House Financial Services Committee: CFPB Removed Safeguards to Achieve Political Goals

CFPB Auto Finance ECOA Disparate Impact

Consumer Finance

On January 20, Republicans on the House Committee on Financial Services issued a report alleging that the CFPB removed a number of safeguards from the claims process after it secured its first settlement with an auto finance company and the company’s subsidiary bank in 2013. The Committee’s most recent report follows a November 2015 report in which the Republican staff (i) criticized the CFPB’s approach for determining discrimination in the auto lending industry; and (ii) questioned the CFPB’s authority to bring claims against banks involved in indirect auto lending under ECOA on a disparate impact theory. According to the more recently published report, the CFPB failed to confirm that funds from the 2013 settlement would be distributed to eligible recipients.
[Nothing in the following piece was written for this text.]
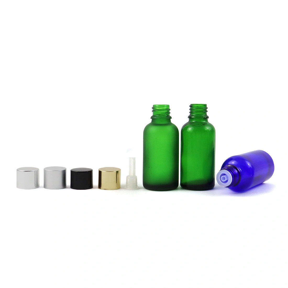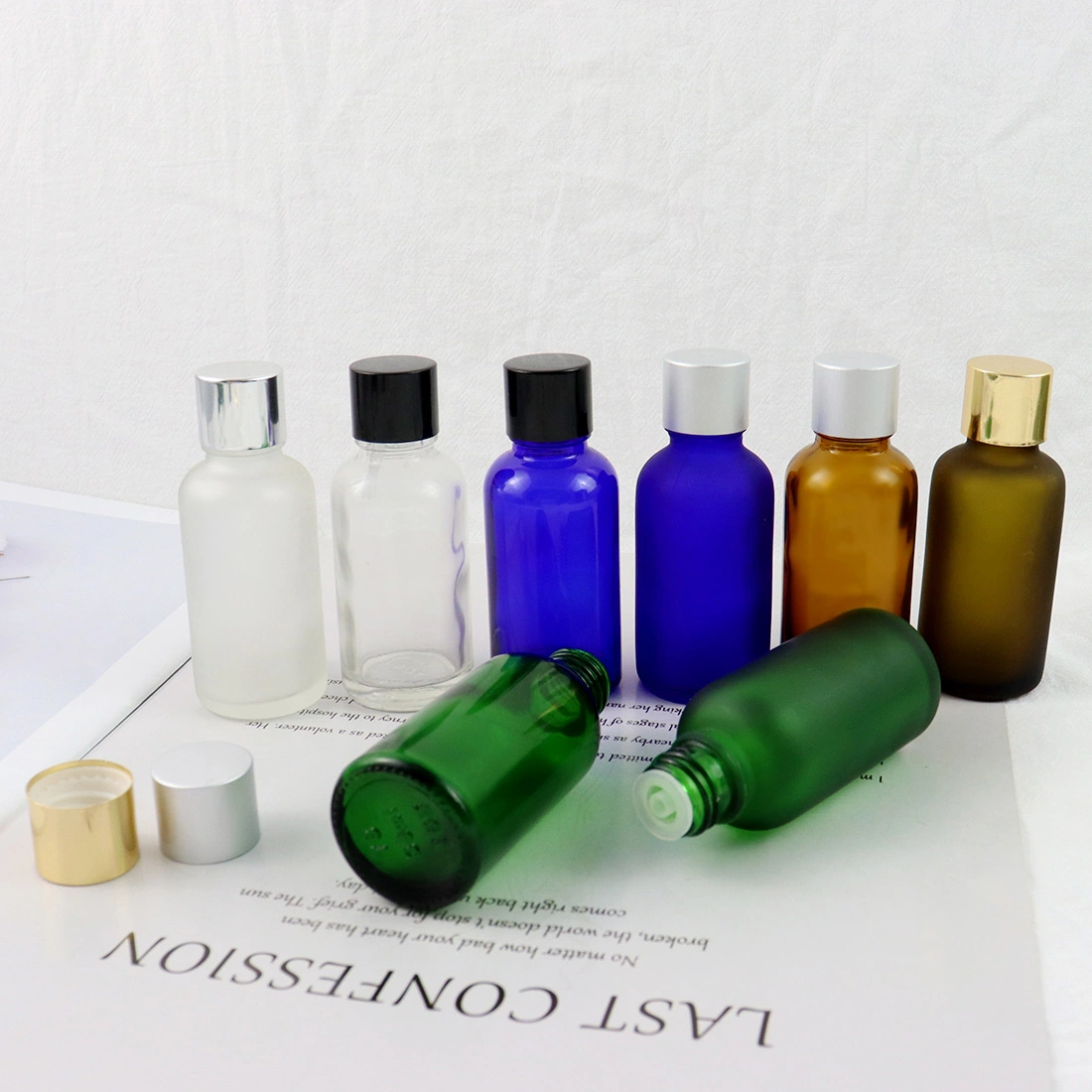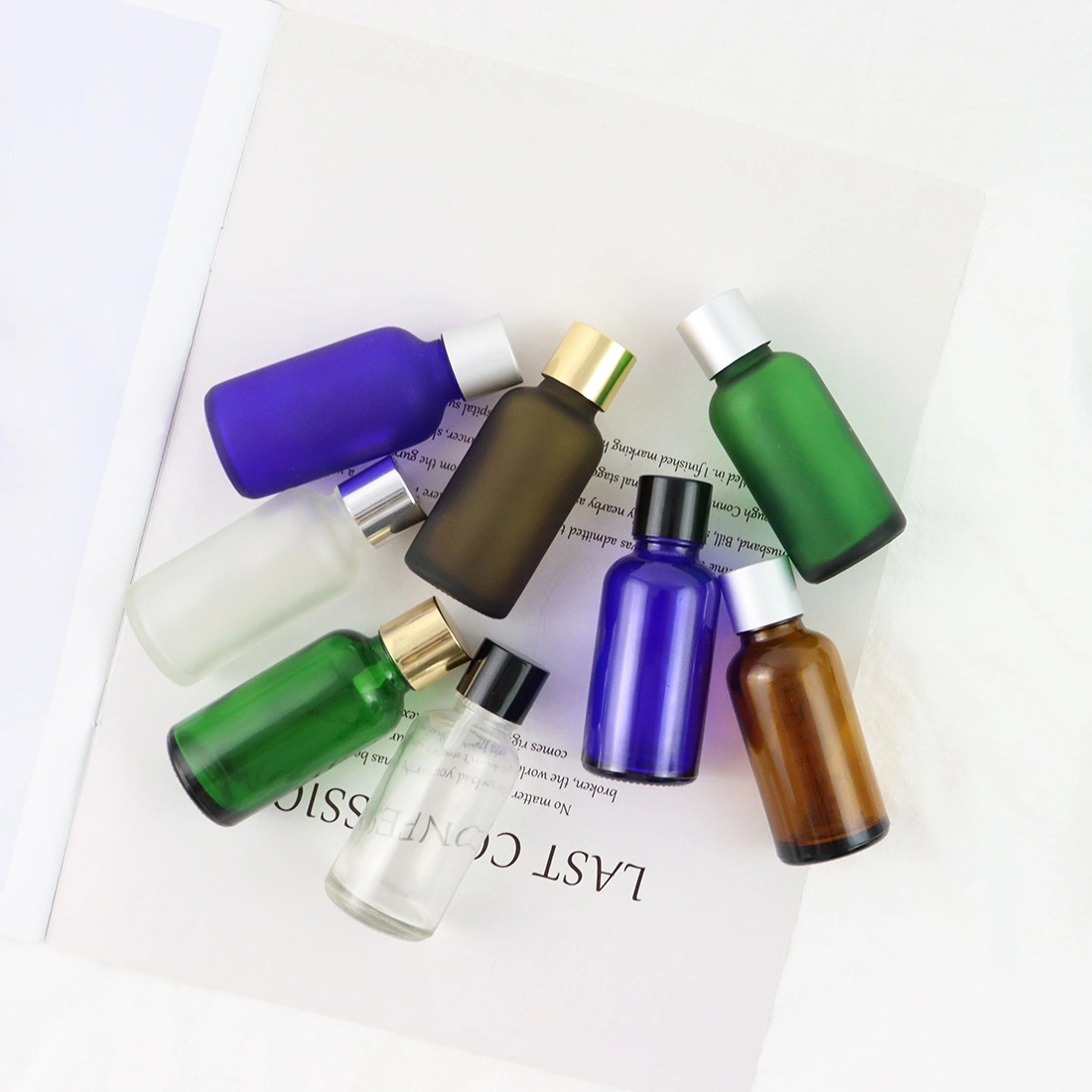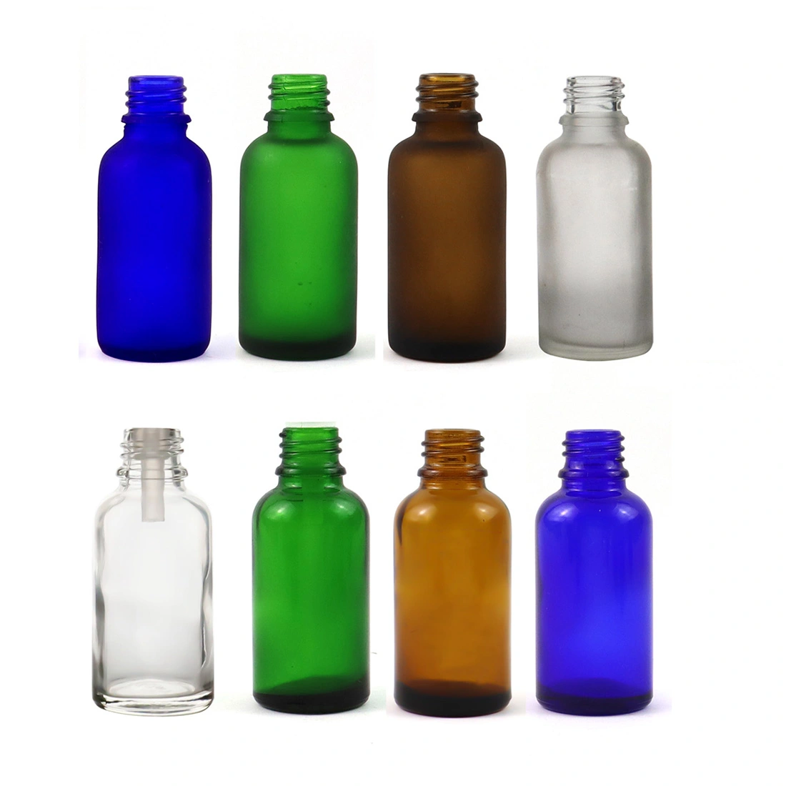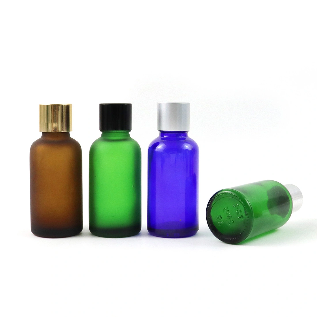Aromatherapy 30 ml Clear Frosted Glass Vintage Flat Lid Small Essential Oil Bottles Custom Amber Green Blue Clear

Specifically, the report states that when CFPB Director Cordray announced that $80 million would be paid to consumers affected by the auto finance company’s practices, he “did not know the race of a single borrower in any vehicle finance contract purchased by [the company].” The report further comments that, “Bureau officials knew that in order to generate a sufficient number of check recipients, they would have to remove a number of safeguards from the claims process, including confirming the race of claimants alleged to have been discriminated against, thus making it more likely that non-minority consumers would receive remuneration.”